### Exercise aim
Which lines belong in your copy? Those from the start of the data through the line with "12 قرن هالبينو", exactly as written, without any pictures.

Stored items from a collection
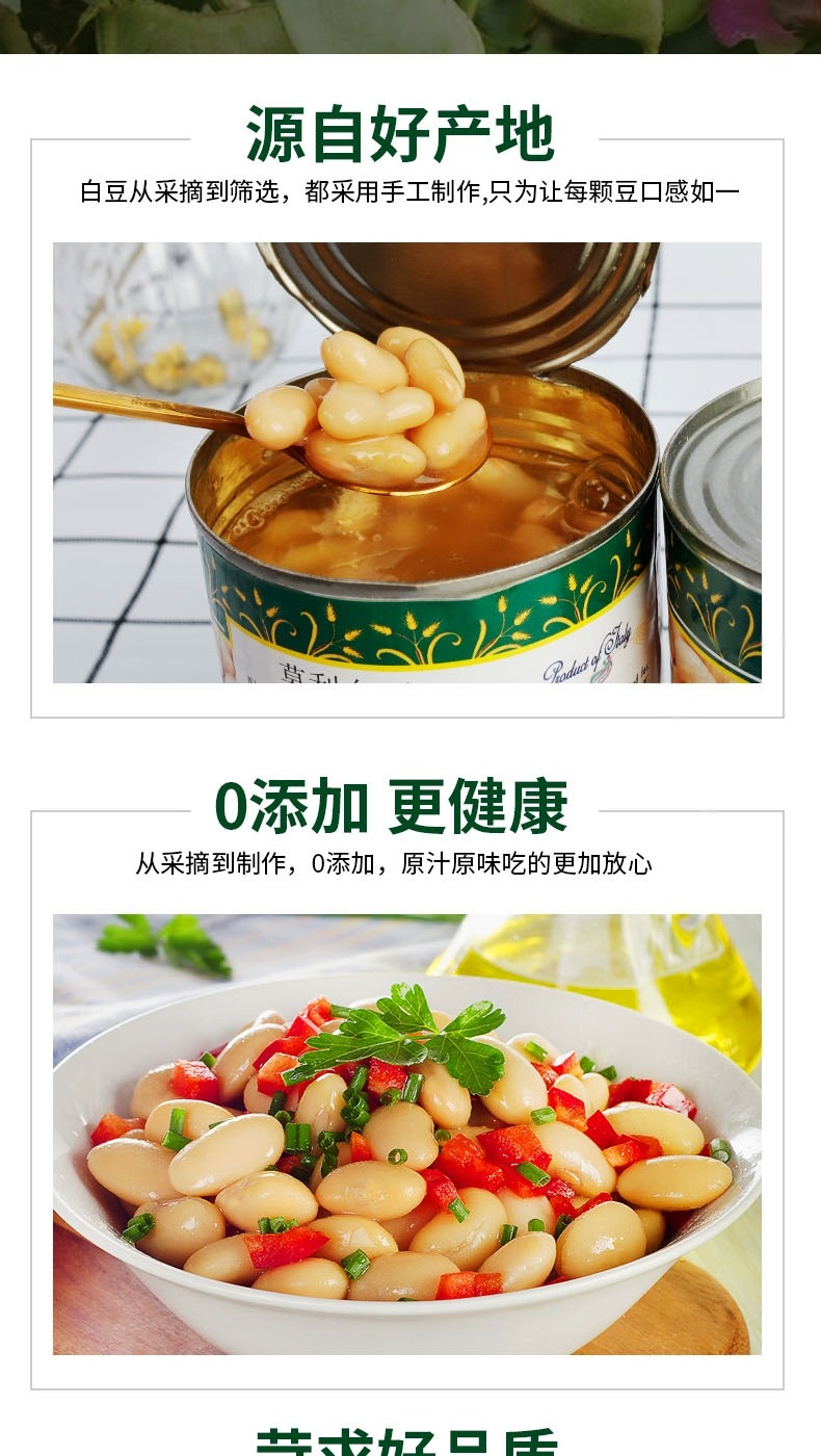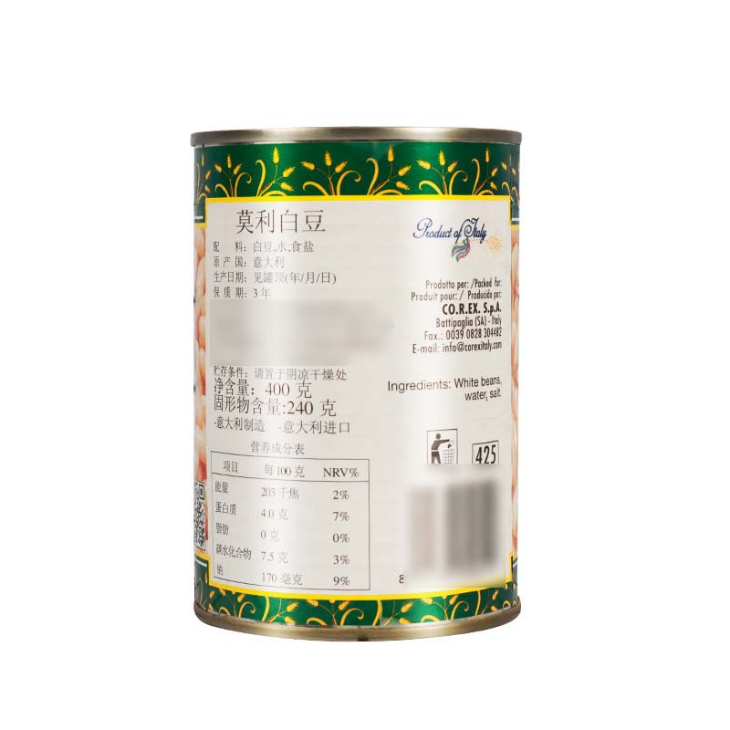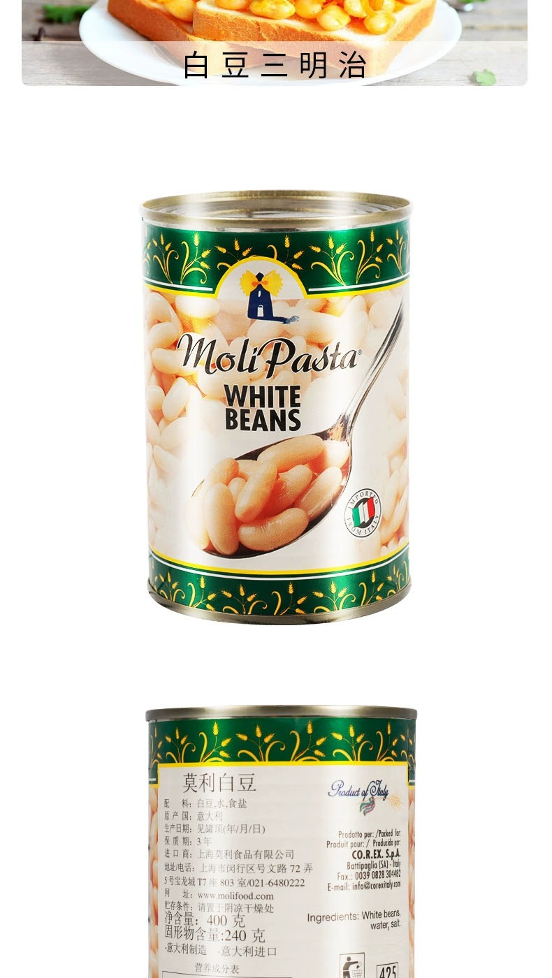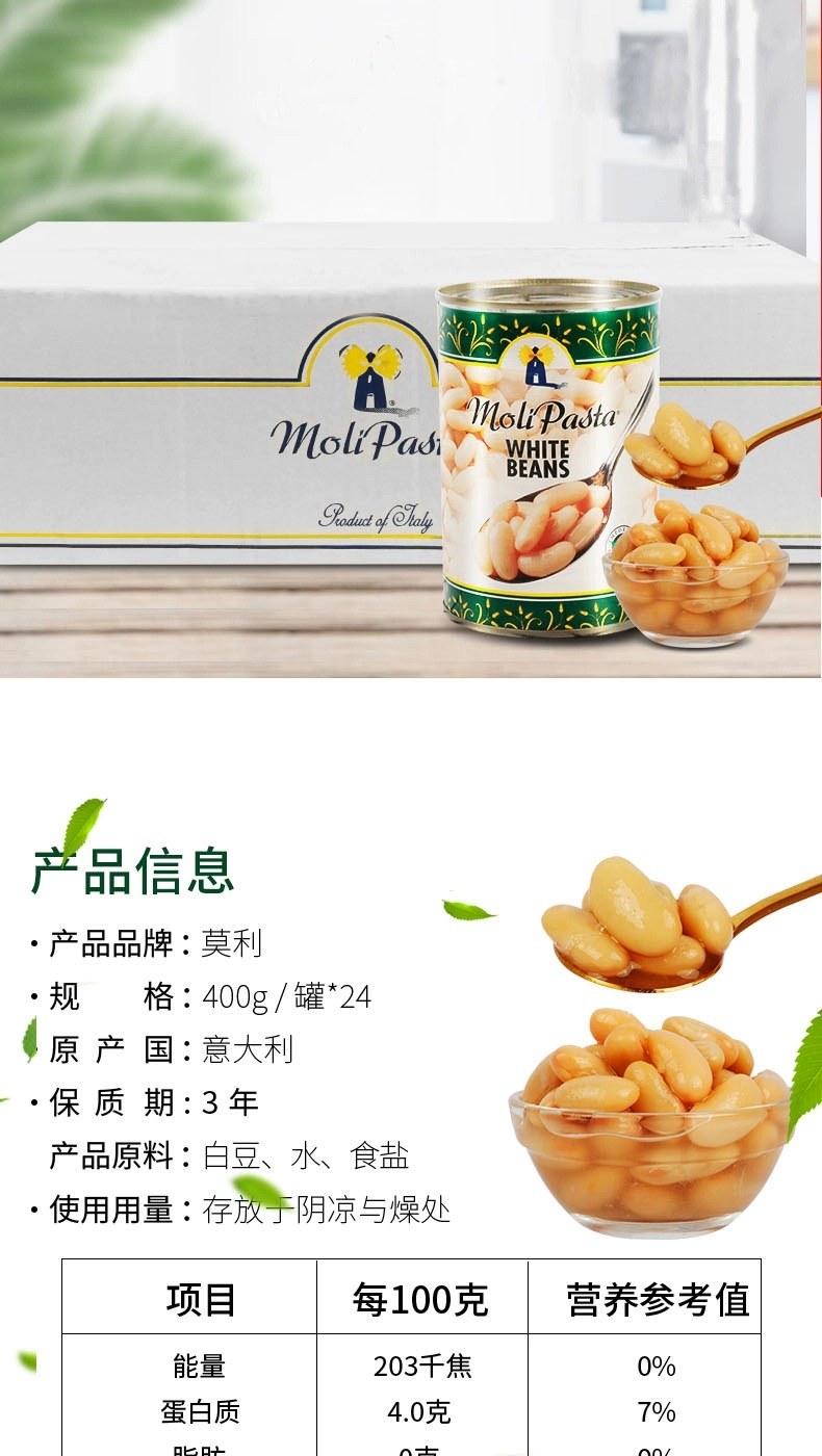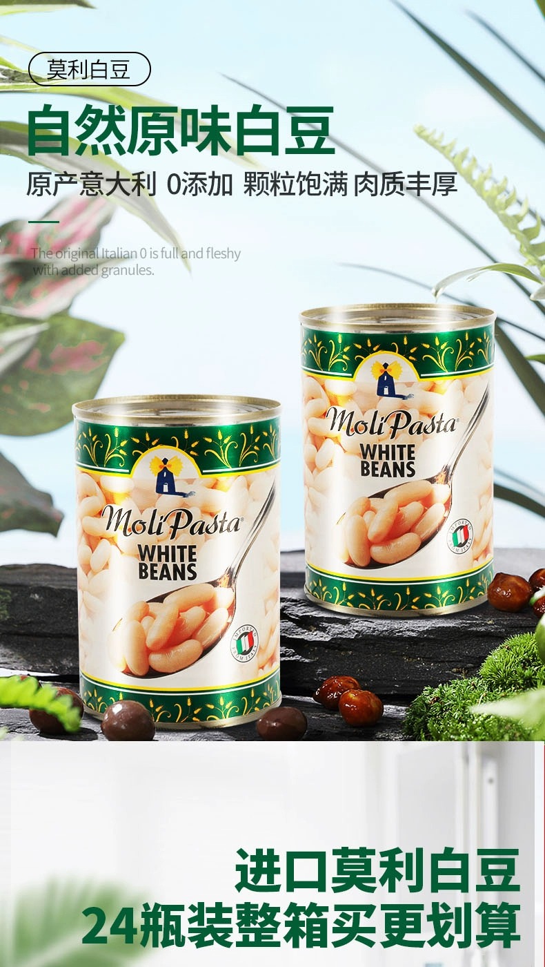 【中欧班列精选5罐】 意大利莫利白豆罐头 原装进口莫利早餐即食扁豆熟芸豆沙拉西餐白豆罐头 400g/5罐
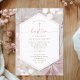 Announce your little girl’s baptism with unmatched elegance and charm. This stunning invitation features a soft watercolor floral background in dreamy pastel hues, creating a serene, angelic atmosphere. At the heart of the design, a sophisticated white diamond-shaped frame draws the eye to your personalised text, brought to life with a graceful mix of flowing calligraphy and timeless serif lettering. The result is a beautifully balanced, heirloom-worthy piece that feels both delicate and refined.
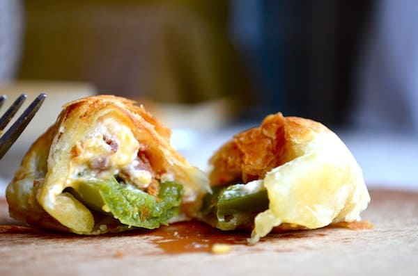 • 12 قرن هالبينو ( فلفل أخضر ) • عجينة البيتزا • 225 جرام جبن كريمي • 2/1 كوب لحم بقري مقدد مفروم • 1 كوب مبشور جبن الشيدر • 4 فصوص ثوم مفروم • 1 بيضة • زيت زيتونطريقة التحضير :
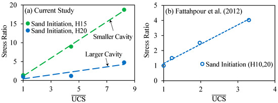 To study sand production in weakly-consolidated sandstones, Tronvoll et al. [21,22,23,24,25] conducted a series of experimental-numerical studies on the stability of the cylindrical cavities. Thick-Walled Hollow Cylinder (TWHC) samples were used in the experiments to mimic field sandstone around boreholes. They found that although mechanical instability is mainly responsible for sand production, the role of hydromechanical instability and fluid flow increases as the strength of sandstone decreases, and the sanding behavior gets more complicated for ultra-weak samples. They also reported that the sand initiation strongly relies on the Uniaxial Compressive Strength (UCS) of the samples, while it is independent of fluid flow conditions. In a similar study, Papamichos et al. [26] explored the effects of stress level and fluid flow on sand production in weak sandstones and found that increased applied stress leads to higher sanding rate and more produced sand. Papamichos [27,28] conducted further studies on the effect of perforation size, sample strength, and stress anisotropy on sand production. He reported that the cavity enlargement decreases the sand initiation stress, whereas stronger samples show higher sand initiation stress. Similar parameters were studied by Fattahpour et al. [2,3]. They recognized five distinct sand production stages in their experiments, including sand initiation, transient, semi-continuous, continuous, and catastrophic sand production. According to Fattahpour et al. [2], the stress level is responsible for each sanding stage, and as the stress level increases, higher sand volumes are produced. They also reported that stronger rocks are more sensitive to cavity enlargement than weaker ones. To study the effect of stress conditions and fluid flow on sanding, Younessi et al. [29] conducted a series of sand production tests using a true-triaxial stress cell. They argued that the shape of failure zones around the borehole is a function of stress anisotropy. They also observed that the sandstone yield occurs prior to the onset of sand production, and with the increase of stress level, the amount of produced sand and the yield zone dimensions around the borehole increase.
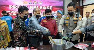 BERAU – Upaya pemberantasan narkoba di Kabupaten Berau kembali ditunjukkan secara nyata. Satuan Reserse Narkoba Polres Berau memusnahkan barang bukti narkotika jenis sabu seberat 2.381,47 gram di Ruang Command Center Polres Berau, Kamis (02/10/2025) pukul 10.00 WITA. Kegiatan ini dipimpin Wakapolres Berau, Kompol Donny Dwija Romansa, bersama Kasat Resnarkoba, AKP …
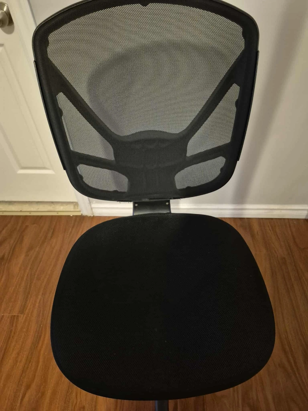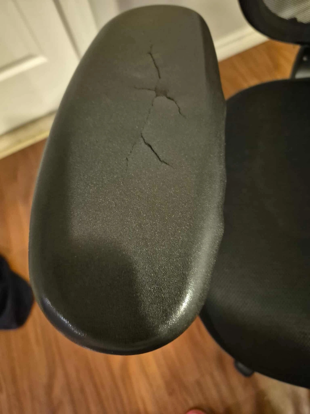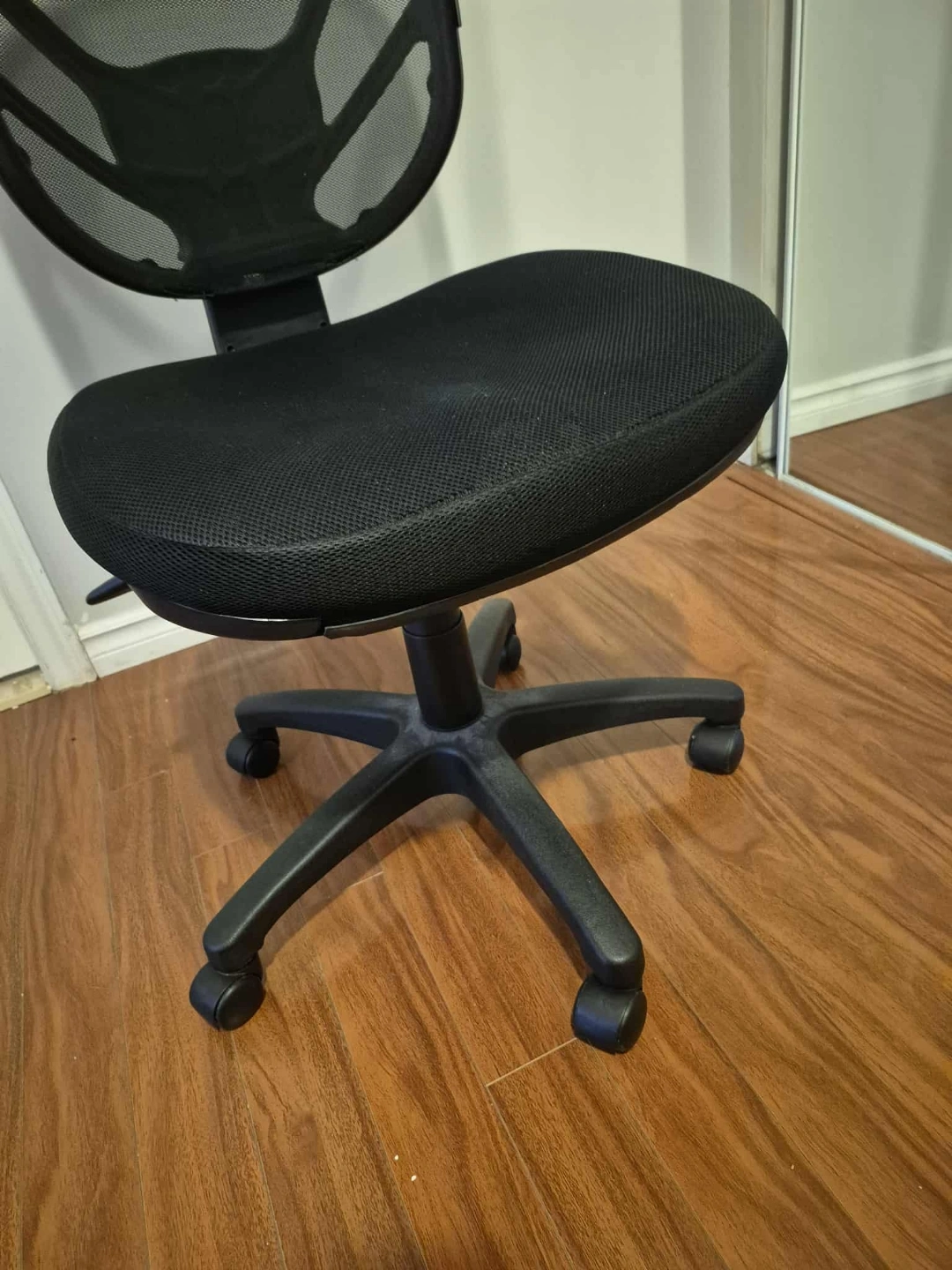 Comfortable office chair, mesh back, black fabric seat. Adjustable height. One armrest shows some cracks. foldable handles with adjustable height.
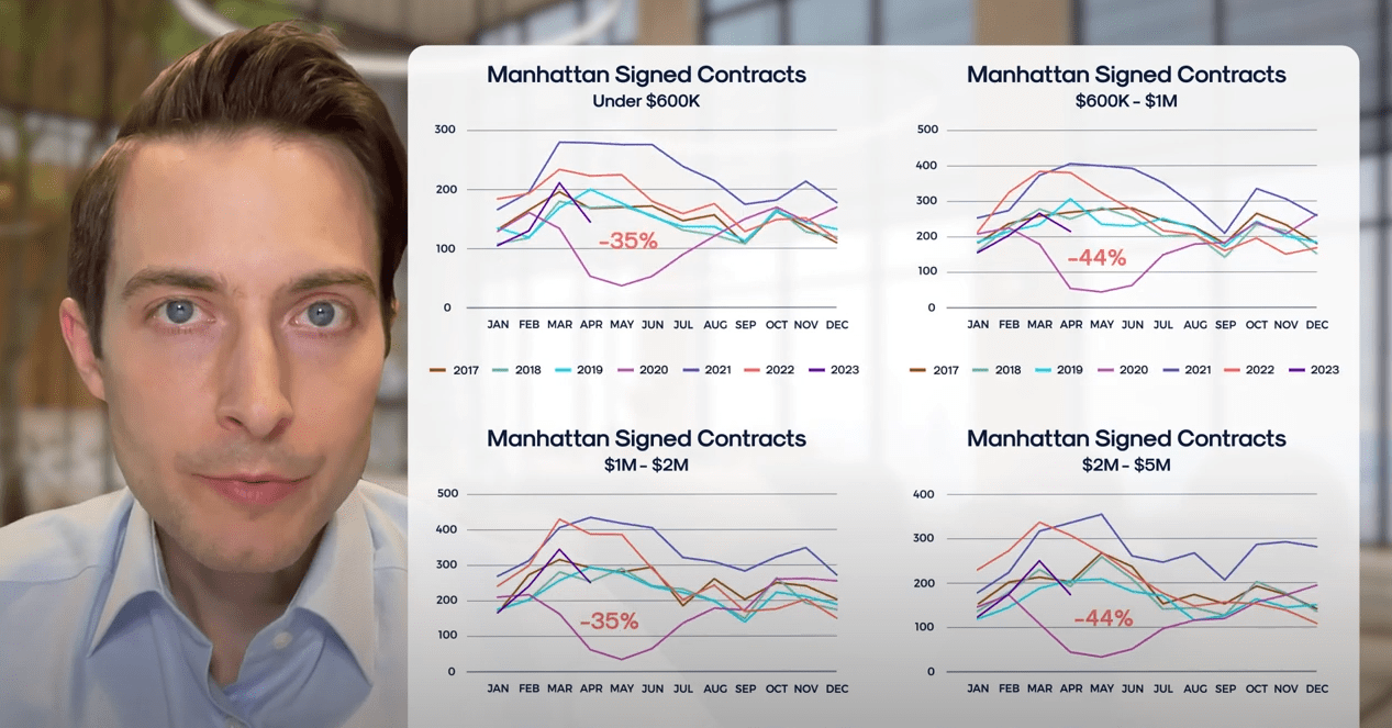 Hey everyone, this is James at Yoreevo, New York's #1 commission rebate brokerage with our April 2023 Manhattan Market Update. And we saw a rapid deceleration or a rapid slowdown versus the surprisingly strong results that we saw in March. So first on a headline basis, sales are down 39% compared to last year, that was 22% in March. And then if we compare it to the 2017 to 2019 average, we were down 16% instead of a 13% increase in March. So no matter how you slice it, a big slowdown, and you can see that in the chart here. Normally throughout the spring for the first five to six months of the year, you see a slow grind up in contract activity. And we did see that up until March and then a big deceleration. So we're not seeing this in our business. I'm not really sure - I don't have anything specific to point to. Maybe it's just people got a little over excited in March and that pulled forward demand and so we should normalize March and April, but in any case, these are the numbers, big deceleration. And it makes the main number, which is usually around the high point for the year, especially important to set the tone for the summer and the rest of the year. When we look at the contract activity by price point we're down about 40% across the board. Doesn't really matter which price point you look at. And this is just that chart that we introduced last month, I think it was, where you can see that we're up 13% compared to normalized demand and now we're down 16% so big deceleration. On inventory, this has been the same boring story for the last nine or ten months, no change. We were up 2% and all year we've just tracked last year's levels, so supply is still very much under control. When you look at this by price point, there's less supply at the lower end, more supply at the higher end, and the higher end is a little bit weaker. But generally it's the same story across the board no real stories by price point. And for mortgage rates, we didn't lead with that this month because it was an incredibly boring month for all rates. You can see here that more trades didn't really move. The Fed rate literally didn't move and because of that, spreads didn't really move. This is that chart that we were talking about last month showing higher than normal mortgage spreads. So very boring month, which I guess is good news. Low volatility is generally good for risk appetite, which maybe will close this gap over time. But in any case, a very boring month for mortgage rates. I know this is the Manhattan Market Update, but it just bears mentioning that we're starting to see some deals in Brooklyn happen at prices and with urgency that I just wasn't seeing even just two three months ago. So it seems like the urgency is really starting to pick up in Brooklyn. Maybe that's due to, well it's always been a stronger market since COVID, also lower inventory, but maybe it's a precursor for things that we're going to see here in Manhattan. I don't know, they're a little bit different markets. But it just bears mentioning that Brooklyn is seeing some very frenetic deals happening. So thanks for watching. Obviously if you're looking for help with your purchase, we'd be happy to help and get you a commission rebate for up to 2% of the purchase price. We'd be happy to slice and dice this data in whatever way is most useful for you. And of course, if you just have any questions whatsoever, you can just reach out to us at info@yoreevo.com. So thanks for watching and we'll see you next month, bye.
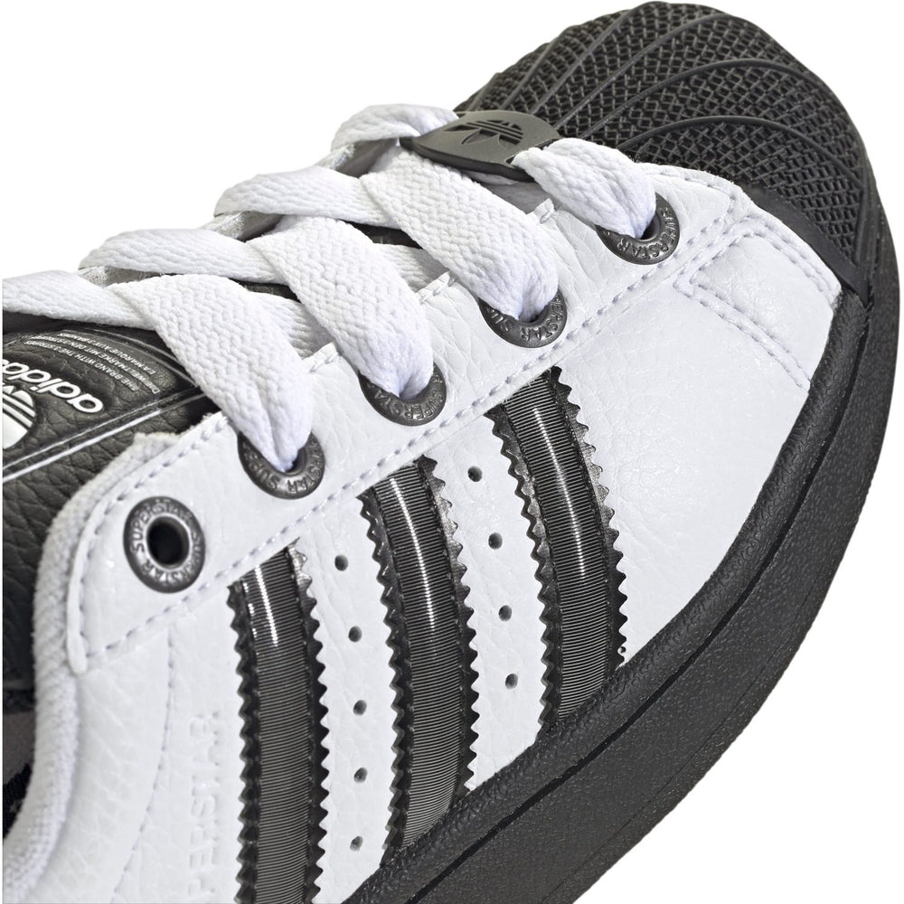 - Extra: Serrated 3-stripes, Superstar box logo on the tongue, Trefoil logo on the heel tab.

### Response for this exercise
 【中欧班列精选5罐】 意大利莫利白豆罐头 原装进口莫利早餐即食扁豆熟芸豆沙拉西餐白豆罐头 400g/5罐
 Announce your little girl’s baptism with unmatched elegance and charm. This stunning invitation features a soft watercolor floral background in dreamy pastel hues, creating a serene, angelic atmosphere. At the heart of the design, a sophisticated white diamond-shaped frame draws the eye to your personalised text, brought to life with a graceful mix of flowing calligraphy and timeless serif lettering. The result is a beautifully balanced, heirloom-worthy piece that feels both delicate and refined.
 • 12 قرن هالبينو ( فلفل أخضر ) • عجينة البيتزا • 225 جرام جبن كريمي • 2/1 كوب لحم بقري مقدد مفروم • 1 كوب مبشور جبن الشيدر • 4 فصوص ثوم مفروم • 1 بيضة • زيت زيتونطريقة التحضير :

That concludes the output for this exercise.